CONCLUSION: Many obstetric health care workers lack knowledge regarding the safety and importance of influenza vaccination during pregnancy. Misinformed or inadequately informed health care workers may represent a barrier to influenza vaccine coverage of pregnant women. This lack of knowledge among the health care workforce takes on added importance in the setting of the H1N1 2009 swine-origin influenza pandemic.
(Source: Abstract for D.E. Broughton et al., “Obstetric Health Care Worker’s Attitudes and Beliefs Regarding Influenza Vaccination in Pregnancy,” Obstetrics & Gynecology: November 2009, Volume 114, Issue 5, pp. 981-987; my emphasis)
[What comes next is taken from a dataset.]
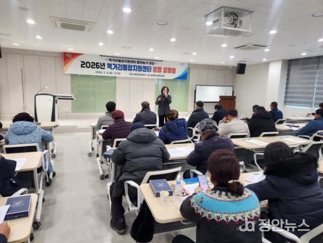 정안뉴스 김재홍 기자 | 진주시는 6일 농업기술센터 농업인교육강의실에서 먹거리통합지원센터의 출하농가 111명을 대상으로 ‘2026년도 먹거리통합지원센터 운영 설명회’를 개최했다.

Got that? Precisely the people who are gatekeepers in caring for a vulnerable group, pregnant women, are appallingly ignorant about the risks of flu in pregnancy and the safety of any vaccines in pregnancy, not just the one for swine flu. And yet less than half of them can even correctly identify flu symptoms. (Please note that the study did not look at doctors.)
It’s not alarmist to say that as a result of people’s ignorance, hundreds or thousands will die unnecessarily. A three-year-old in my town died in late October after testing positive for inluenza A. While definitive testing will take weeks, virtually all of the flu currently in circulation is swine flu. It’s reasonable to assume that swine flu is what killed this little person. It’s also reasonable to assume that many of us will know someone, sooner or later, who suffers the loss of a family member.
As usual, Jon Stewart got it right: It’s only us wimpy pasteurized milk drinkers who are sure we want to be vaccinated. Otherwise, we’d know the shot was only a government plot! Glenn Beck said it, so it must be so!
Note: I intentionally refer to this illness as “swine flu” and not H1N1 because H1N1 is a broader subtype of flu, and because I don’t mind keeping the spotlight on reckless agribusiness practices that may foster the genetic reshuffling of the virus.